# About to buy my first tractor



## Battalion Chief (Jun 2, 2006)

New to the forum.. 

I am looking at tractors (new and used) and have a few in mind.. 

I would like to ask about one of them: A 1984 IH 584.

This tractor is in decent condition with a loader, (a loader is a must for me)... I don't necessarily need that much HP (54) on a consistent basis but it would come in handy at times. 

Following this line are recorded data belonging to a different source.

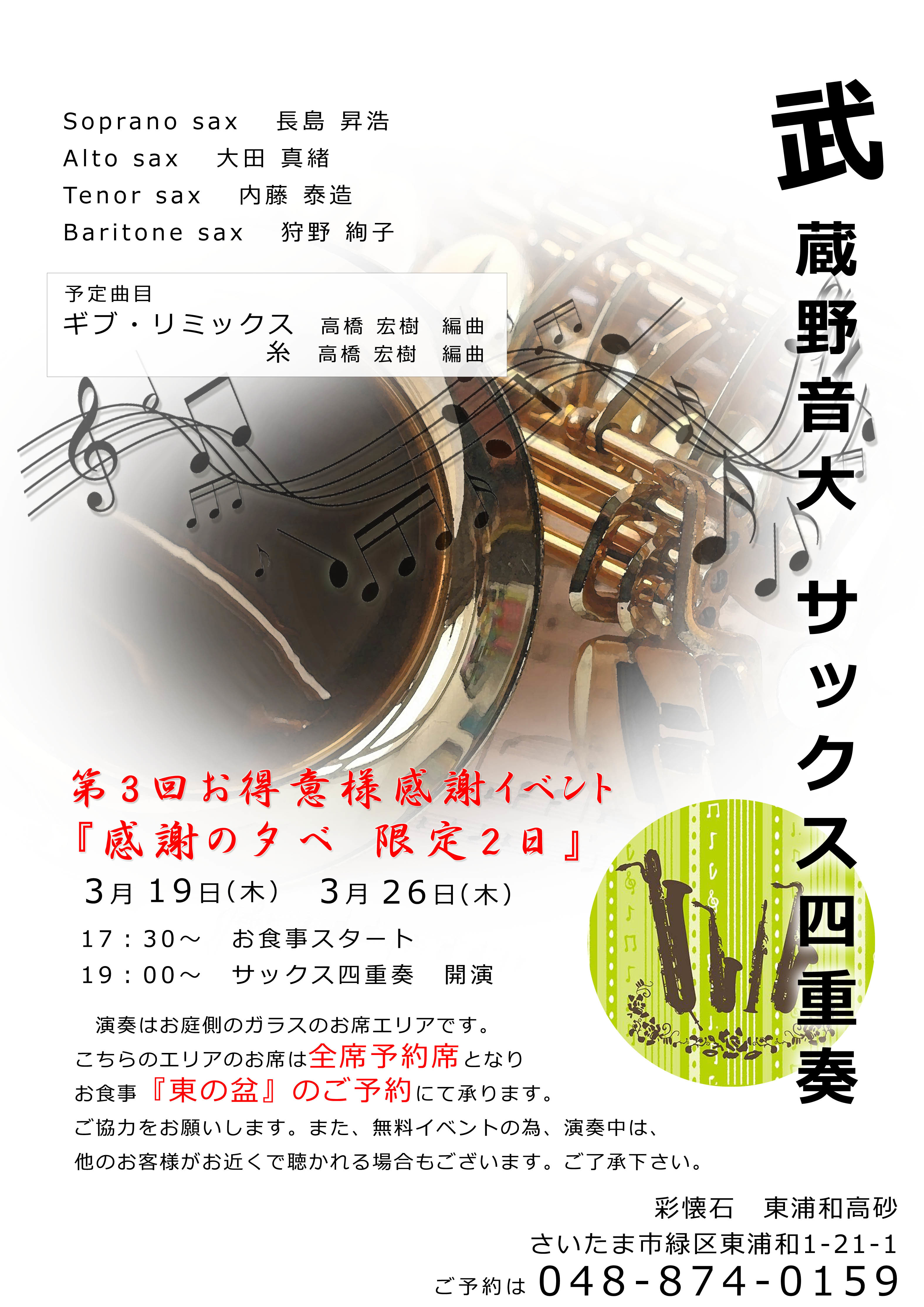 ご好評いただきました感謝の夕べの第3回目決定!!今回は、2日間。武蔵野音大生によるサックス四重奏。ギブ・リミックス、糸を選曲。迫力のあるサウンドが楽しめる構成です。前回同様、お庭の見えるガラス席での演奏です。お食事を楽しんだ後の楽しいひと時。完全予約制。『東の盆』のお食事代のみのお得意様感謝イベントです。詳しくは、パンフレットをご覧ください。
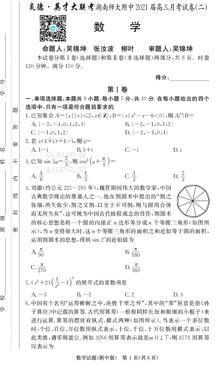 2025長郡中學新高考考前小題沖刺訓練·數學
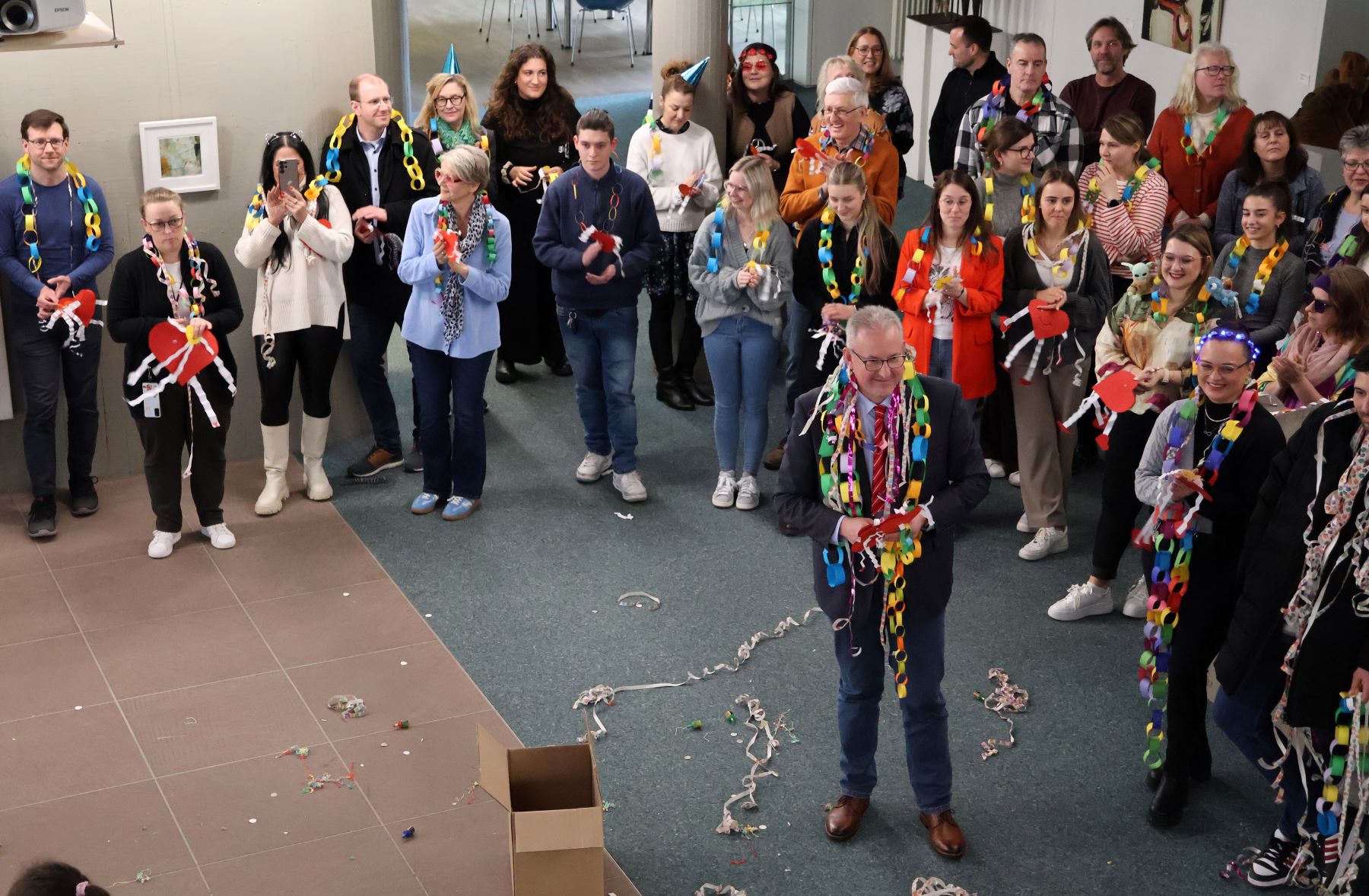 Die Kinder versammelten sich nach ihrer Ankunft im Rathausfoyer und sangen zur Begrüßung ein Ständchen: „Walldorf ist ’ne schöne Stadt – jupeidi, jupeida“, das sich direkt als Ohrwurm etablierte und bestens ankam. Als schöne Geste verteilten die Kinder selbst gebastelte Herzen und Ketten an die Mitarbeiterinnen und Mitarbeiter.

1) This tractor is not 4WD. But I have heard that since it weighs so much (8000 lbs), that the 2WD will do pretty well.. I will be moving dirt/materials on terrain with elevation changes.. caring for 25 acres.. with a creek bed, fields, etc.. With the diff lock and such HP and weight, will the 2WD get traction enough? 

2) The parking brake does not function (I heard about the problems with this model and the brake). The current owner has used it four years this way just dropping the bucket for a brake. Using the bucket as a brake sounds reasonable to me.. is it?

Other than the brake this tractor only needs a few minor repairs to be in pretty good shape (fuel line leak, actuator seal, small weld repair needed on loader frame).

I should be able to pick this tractor up for just under $8000 and he'll throw in a 6 ft brush hog.. . 

How would you answer my questions .. What do you all think? 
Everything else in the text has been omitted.